The backup of the backup cluster to the primary cluster may be a full data backup (backup of all data in the primary cluster) or a partial data backup (backup of partial data in the primary cluster). Further, for the corresponding relation between the main cluster and the backup cluster, after the corresponding relation between one main cluster and one backup cluster for carrying out data backup is set, the main cluster and the backup cluster can be considered to be bound, if the backup cluster for carrying out data backup on the main cluster needs to be changed, the binding between the original main cluster and the backup cluster can be firstly released, after the binding is released, the corresponding relation between the new backup cluster and the main cluster is established, the binding between the main cluster and the new backup cluster is carried out, and the data backup is carried out on the main cluster through the new backup cluster.
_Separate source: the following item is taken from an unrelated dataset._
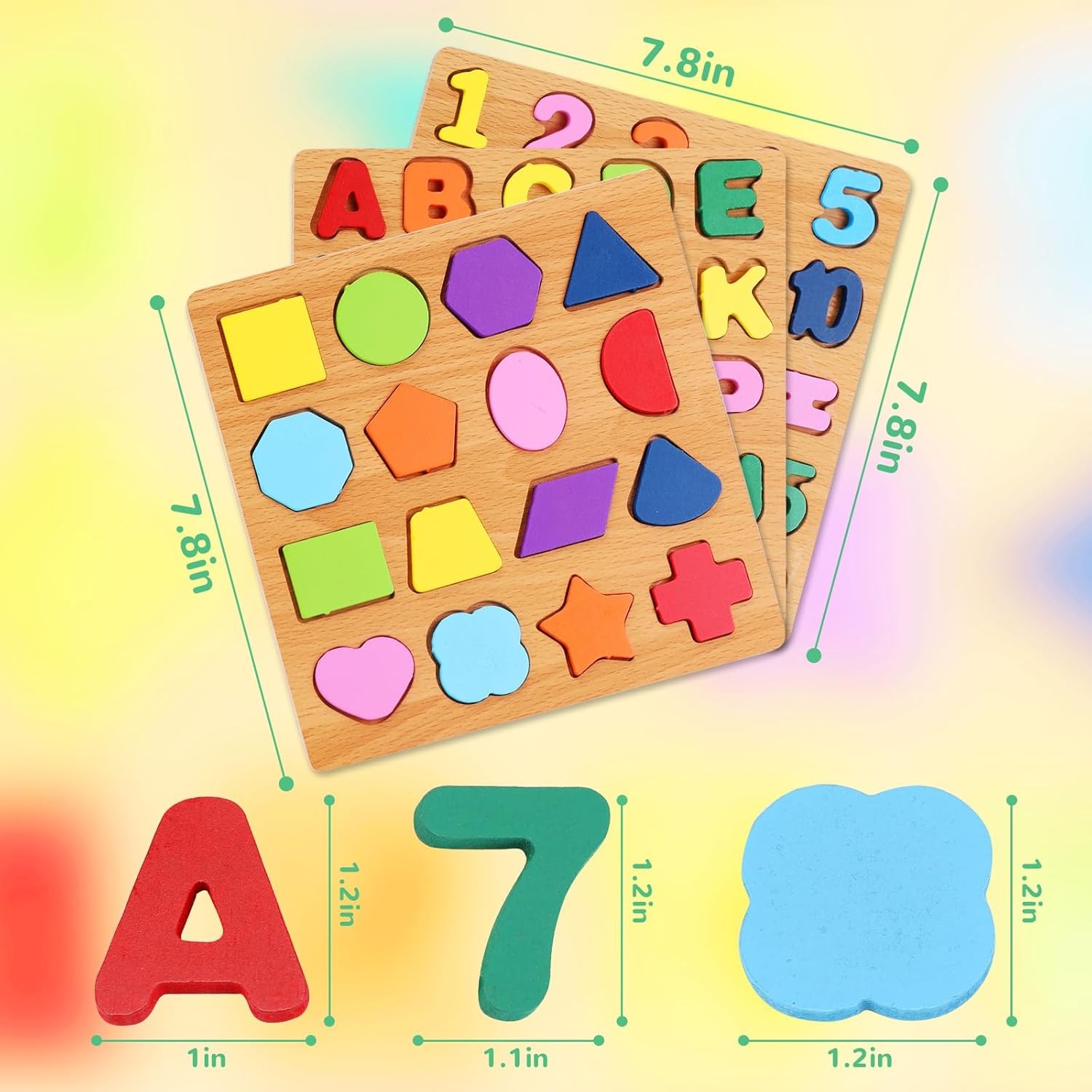 как выглядит Alphabet Wooden Puzzles for Toddlers 3-5, Pack of 3 ABC, Number 3-pack Set фото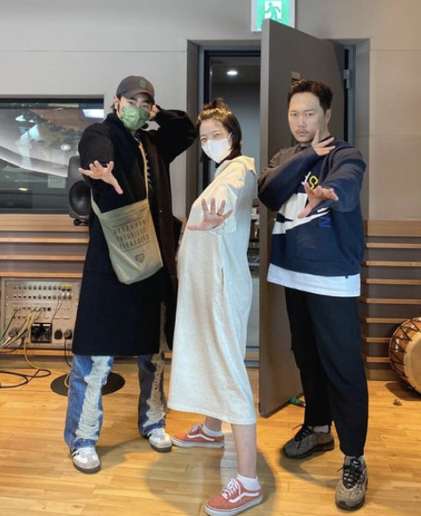 사진 속에는 라디오 스튜디오 안에서 포즈를 취하고 있는 안영미와 뮤지, 송진우의 모습이 담겨있다. 깜짝 3인조로 변신, 카리스마 가득한 표정과 포즈를 취하고 있는 모습이다.

Namely, the corresponding binding relation between the main cluster and the standby cluster can be reset after the binding is released.
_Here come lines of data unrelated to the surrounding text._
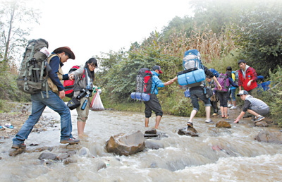 Members of the photography team of Guizhou Normal University cross a river on their way to a village in southwest China's Guizhou Province. (Photo courtesy of the photography team of Guizhou Normal University)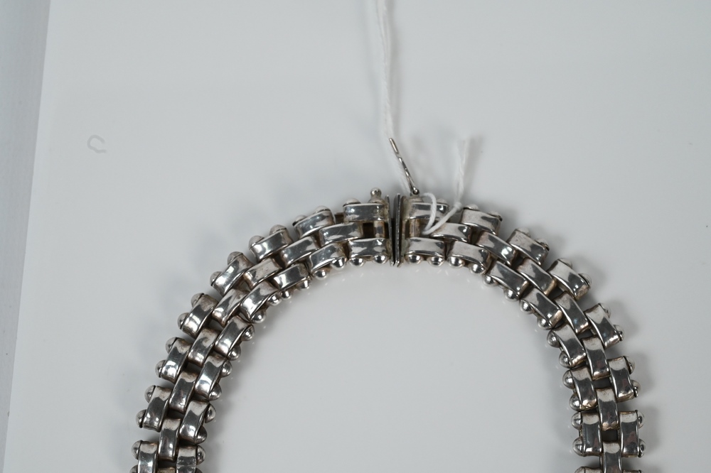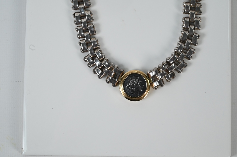 Sterling Silver and 18 Karat Gold Necklace, having sterling chain with 18 karat gold framed pendant, makers mark 1338 MI, 750, 925, length 16 inches, 70.1 grams.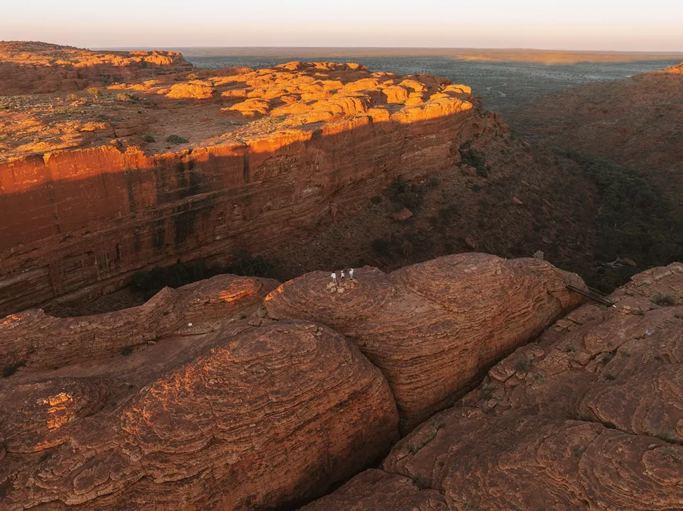 Continuez votre route sur l'Explorers Way jusqu'au parc national de Watarrka et le fameux Kings Canyon, ou optez pour un trajet aérien pour des points de vue à couper le souffle. À votre arrivée, partez en randonnée pour explorer les vastes paysages du canyon, ses spectaculaires parois de grès de plus de 300 m de haut et les palmiers cachés dans les infractuosités des rochers, et offrez-vous une perspective unique avec un survol en hélicoptère au coucher du soleil.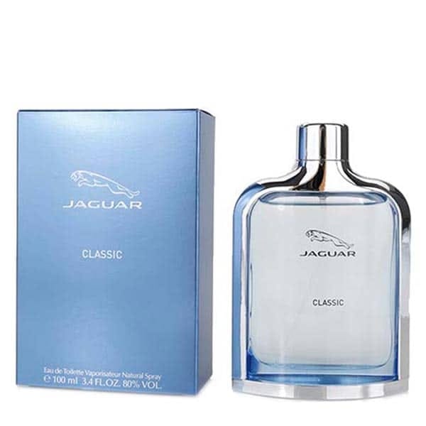عطر ادکلن جگوار کلاسیک آبی-Jaguar Classic Blue، با رایحه ای خنک و ملایم حاصل انواع مرکبات ، نیلوفر آبی ، ریحان و شکوفه پرتقال موجود در ترکیباتش انتخاب عالی برای فصل بهار می باشد . این عطر دنیایی از حس های خوب ، آزادی ، سرزندگی ، تازگی و طراوت را با خود به ارمغان می آورد . روی بطری کلاسیک بلو، نشان تجاری آشنای جگوار به چشم میخورد. در پایین این نشان، عبارت Classic با رنگ تیره بهخوبی دیده میشود. مایع آبیرنگ درون بطری از روی شیشهی شفاف آن بهوضوح نمایان است. دور شیشه را یک قاب فلزی احاطه کرده است. این طرح شامل در بطری هم میشود. این قطعات به رنگ نقرهای بوده و درخشش خاصی دارند. پس از اسپریکردن جگوار کلاسیک بلو روی پوست و محل نبضتان متوجه بوی پرتقال، سرو کوهی، اسطوخودوس، پرتقال ماندارین، ریحان، گل ستارهای و نارنج خواهید شد. این ترکیب شیرین و تند، شادی و هیجان را به شما منتقل میکند. پس از مدتی، این نتهای آغازی جای خود را به نتهای میانی خواهند داد. نتهای میانی از گل نیلوفر و شکوفهی پرتقال و زنجبیل تشکیل شدهاند. این ترکیب تند و شیرین، اثر نتهای آغازی را دوچندان میکند. با گذشت زمان، این نتها جای خود را به نتهای پایانی میدهند. نتهای پایانی شامل چوب صندل، صمغ بنزویین و مشک هستند.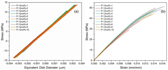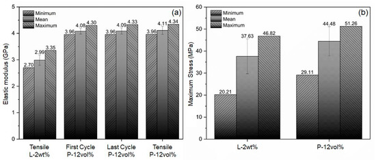 The stress–strain data from cyclic and tensile testing are depicted in the graphs in Figure 10a,b, respectively. Practically no hysteresis effects were observed during the tension/compression cyclic tests, see Figure 10a, indicating that specimen responses were fully elastic, and no appreciable damage accumulated within the selected load range. The slopes of the different stress–strain curves were similar, yet some variation can be observed, which may be the result of slight morphological differences, such as differences in filler alignment and entrapment of air voids. Since material responses were practically linear in the cyclic tests, elastic moduli were computed for the first and last load cycle as the slope of a linear section between the extremes of the applied loading range of ±100 N. As shown in Figure 11a, the calculated average modulus of elasticity for the various composite specimens was 4.08 GPa and 4.09 GPa for the first and last load cycle, with standard deviations of 0.110 GPa and 0.117 GPa, respectively.

Step b, traversing each main cluster in turn, and setting all topics in the traversed main clusters as normal topics;
it should be noted that, the user may set part or all of the topics in the main cluster as normal topics according to the actual needs, and it can be understood that if a certain topic is a normal topic in the main cluster, there will be a mirror topic corresponding to the normal topic in the backup cluster corresponding to the main cluster, and if a certain topic is a mirror topic in the main cluster, there will be a normal topic corresponding to the mirror topic in the backup cluster corresponding to the main cluster, and data synchronization is maintained between the normal topic and the mirror topic. Preferably, in this embodiment, all topics in the primary cluster are set as normal topics, but when the primary cluster is switched (i.e. the primary cluster is switched to the backup cluster, the backup cluster is switched to the primary cluster), the normal topics in the primary cluster (i.e. the primary cluster before switching) are switched to mirror topics, and the mirror topics in the primary cluster (i.e. the backup cluster before switching) are switched to normal topics.
It should be noted that, the producer and the consumer generally write data into and read data from the normal subject, and particularly, if the number of consumers that read data from a certain normal subject in the same preset time period is greater than a preset threshold, a part of consumers may be switched to read data from the mirror image subject corresponding to the normal subject, so as to share the data reading pressure of the normal subject. For example, referring to fig. 7, a normal Topic TopicA is in the master cluster clusteria, a producer P and a consumer C read and write data from the normal Topic TopicA (the producer writes data and the consumer reads data), a database D is connected to the normal Topic TopicA, a solid circle represents the normal Topic in the figure, a dotted circle represents the mirror Topic, and when the number of consumers reading data from the normal Topic TopicA in a certain preset period is greater than the preset number, a part of consumers C can be migrated to the mirror Topic TopicA in clusterib which keeps data synchronization with the master cluster clusteria to read data, so as to reduce the normal topicaread pressure.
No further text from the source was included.